EXERCISE GOAL: With the pictures left out, return exactly the lines from the one containing "Gluténmentes müzli eperrel" through the end of the listing below.

--- START ---

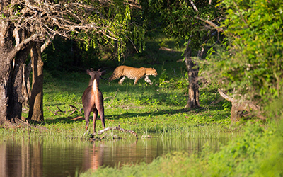 Yala offers one of the highest leopard densities in the world, making it the premier destination for big-cat sightings alongside elephants, sloth bears and a rich variety of birdlife.
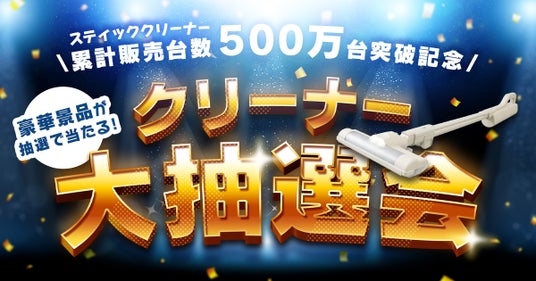 アイリスオーヤマ株式会社(本社:宮城県仙台市、代表取締役社長:大山 晃弘)が販売する、スティッククリーナーシリーズの国内販売台数が500万台(※1)に達しました。また、累計販売台数500万台(※1)を記念して当社公式通販サイト「アイリスプラザ」にて、500万台突破記念キャンペーンを開催(※2)します。
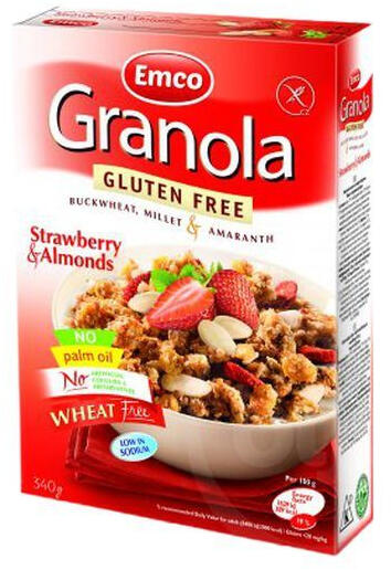 Gluténmentes müzli eperrel és mandulával. Gabonakeverék. 340 g-os gluténmentes müzli; EMCO termék az egészséges élelmiszerek kedvelőinek.
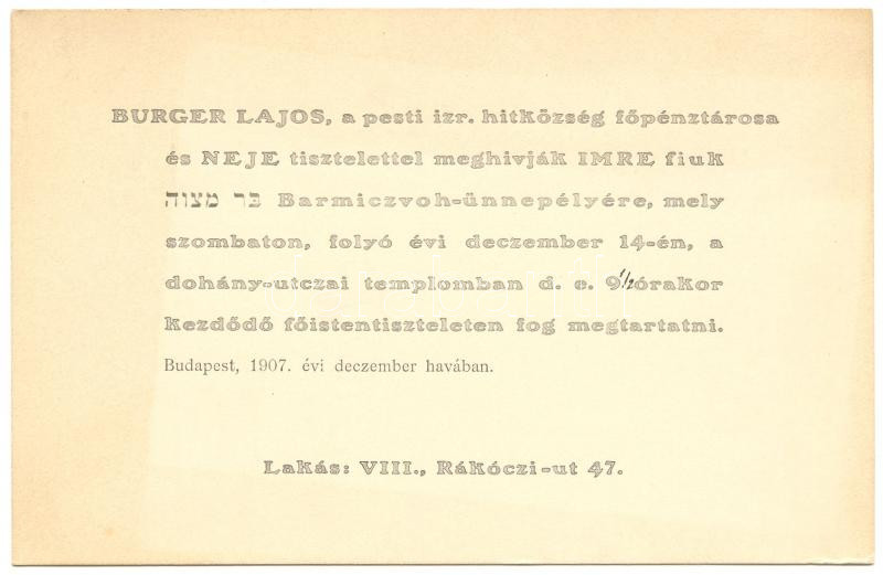 1907 Burger Lajos a pesti izr. hitközség főpénztárosának meghívója fiú... https://www.darabanth.com/de/178-Fernauktion/178.0/Andere-Sammelgebiete/Judaica~600001/1907-Burger-Lajos-a-pesti-izr-hitkozseg-fopenztarosanak-meghivoja-fiuk-Bar-micva-unneps~II592763
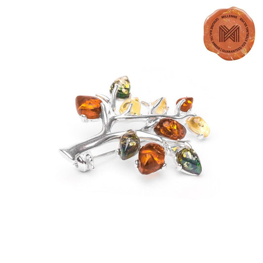 MILLENNE Multifaceted Baltic Amber Colours of Fall Silver Brooch with 925 Sterling Silver
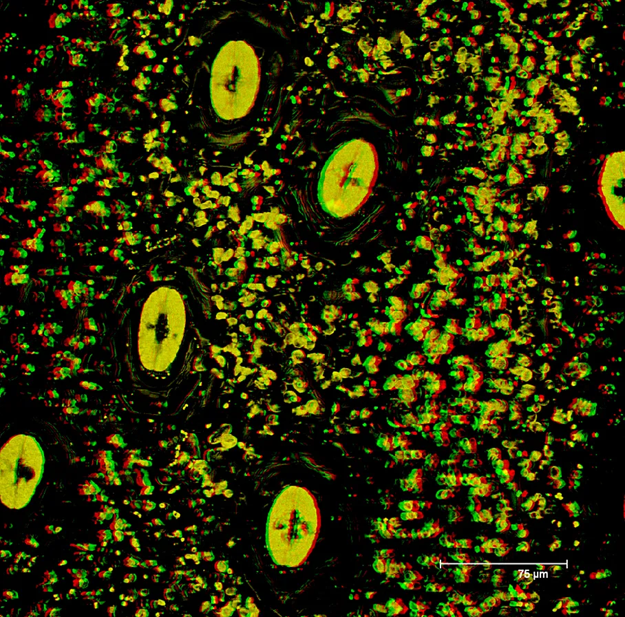 3D Stereo transparent projection of a series scan of a Maidenhern fern leaflet (Adiantum). Depth Factor of 3.
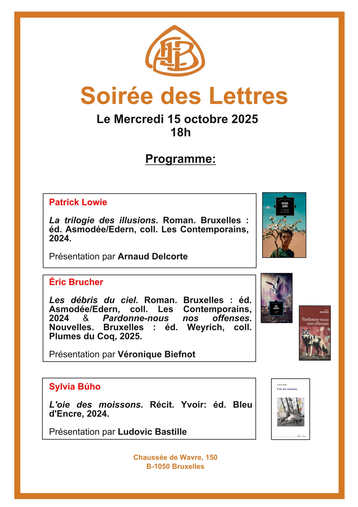 Soirée des Lettres- Mercredi 15 octobre 2025, 18h.
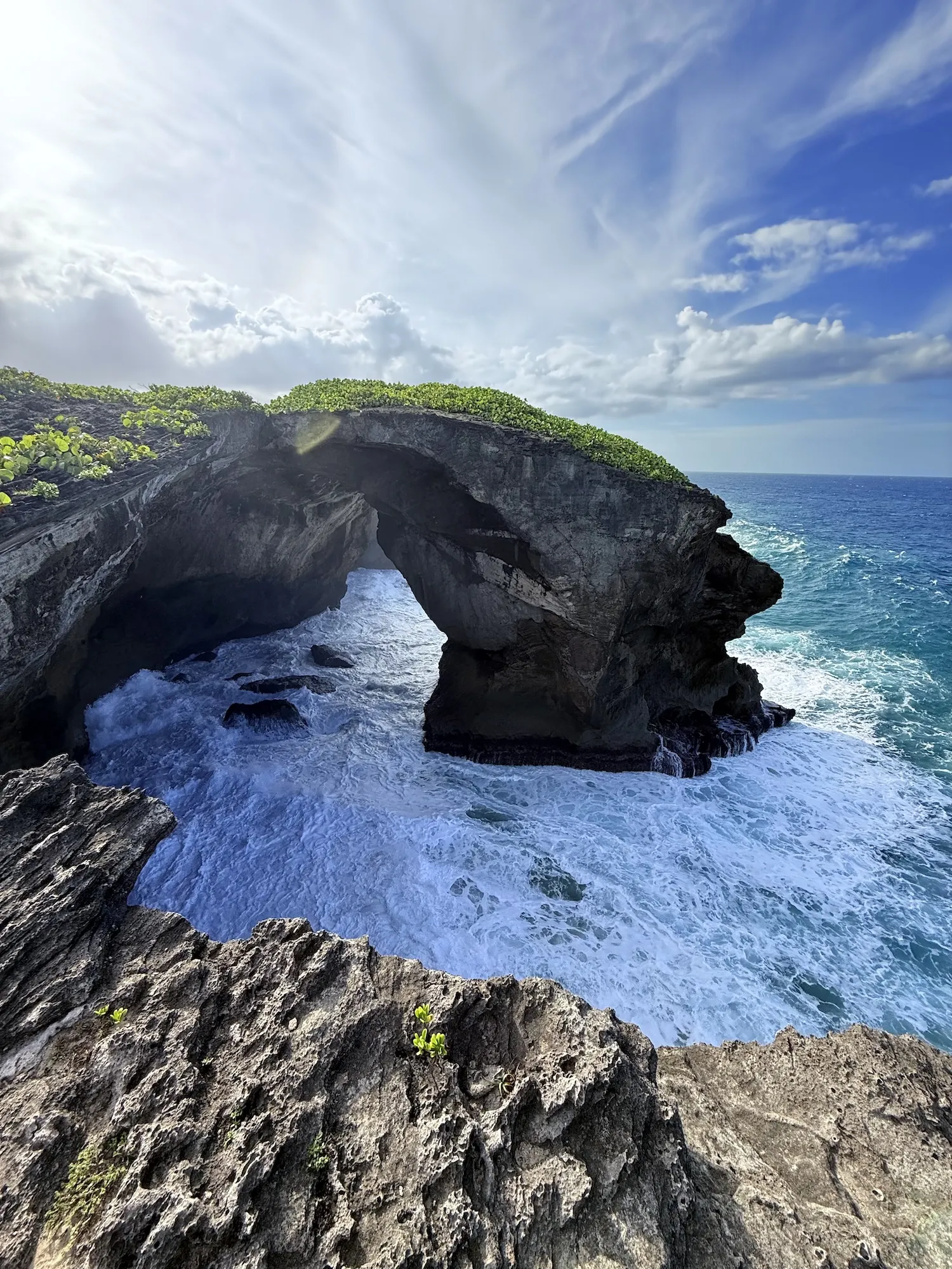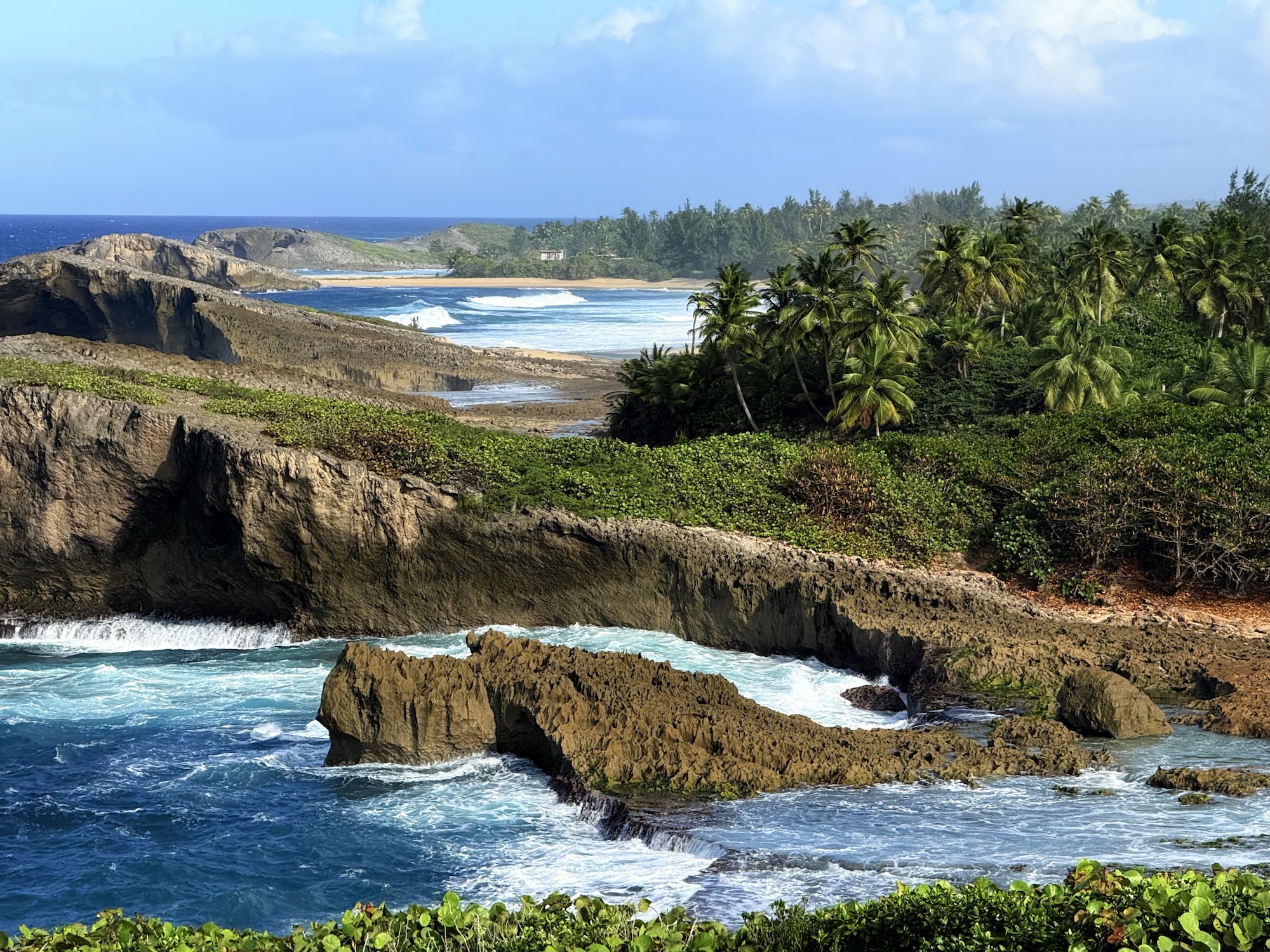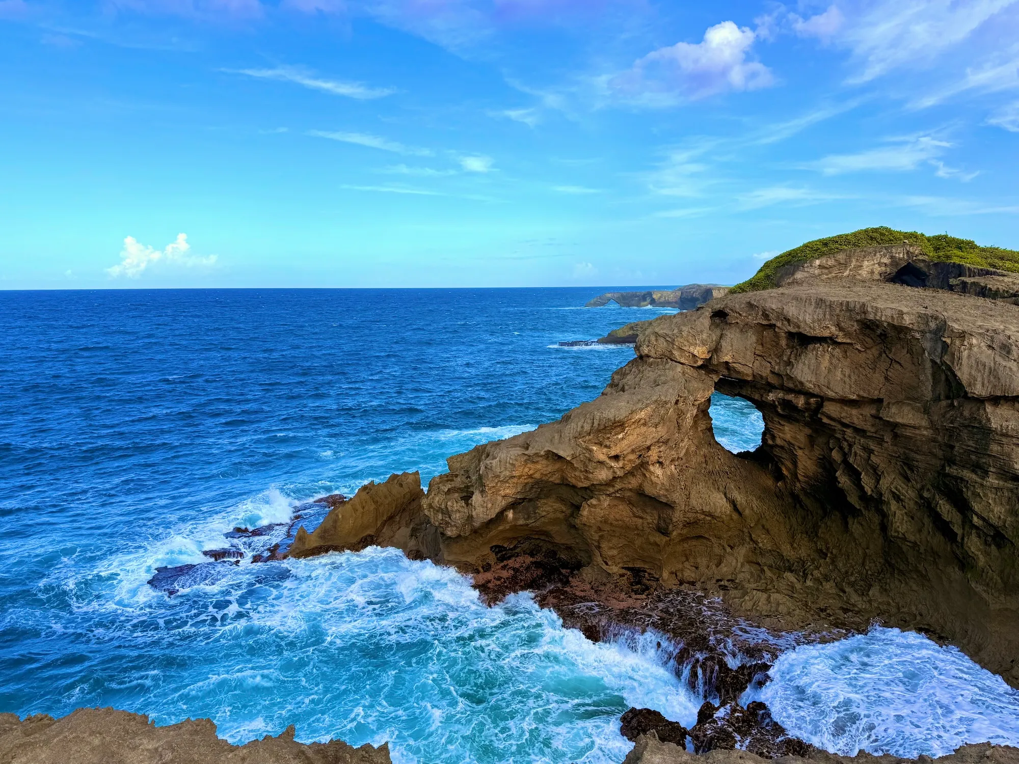 Cueva del Indio 是海边一片石头形成的岩洞、拱桥等景观,也曾是某部《加勒比海盗》的拍摄地。石头坡由于长久的海水侵蚀形成了密密麻麻坑坑洼洼的地貌,并不是非常好走,有些地方也会有乍一看是个小坑、仔细一看竟没有底直接透到海面的坑洞,还是得小心攀爬的。岩石拱桥内部形成的狭湾风大浪急,海水甚至能直接打到悬崖边的我身上。岩石延伸不远便迅速过渡成沙滩和热带雨林,也是蛮神奇的地貌。

--- END ---

FINISHED TASK:
 Gluténmentes müzli eperrel és mandulával. Gabonakeverék. 340 g-os gluténmentes müzli; EMCO termék az egészséges élelmiszerek kedvelőinek.
 1907 Burger Lajos a pesti izr. hitközség főpénztárosának meghívója fiú... https://www.darabanth.com/de/178-Fernauktion/178.0/Andere-Sammelgebiete/Judaica~600001/1907-Burger-Lajos-a-pesti-izr-hitkozseg-fopenztarosanak-meghivoja-fiuk-Bar-micva-unneps~II592763
 MILLENNE Multifaceted Baltic Amber Colours of Fall Silver Brooch with 925 Sterling Silver
 3D Stereo transparent projection of a series scan of a Maidenhern fern leaflet (Adiantum). Depth Factor of 3.
 Soirée des Lettres- Mercredi 15 octobre 2025, 18h.
 Cueva del Indio 是海边一片石头形成的岩洞、拱桥等景观,也曾是某部《加勒比海盗》的拍摄地。石头坡由于长久的海水侵蚀形成了密密麻麻坑坑洼洼的地貌,并不是非常好走,有些地方也会有乍一看是个小坑、仔细一看竟没有底直接透到海面的坑洞,还是得小心攀爬的。岩石拱桥内部形成的狭湾风大浪急,海水甚至能直接打到悬崖边的我身上。岩石延伸不远便迅速过渡成沙滩和热带雨林,也是蛮神奇的地貌。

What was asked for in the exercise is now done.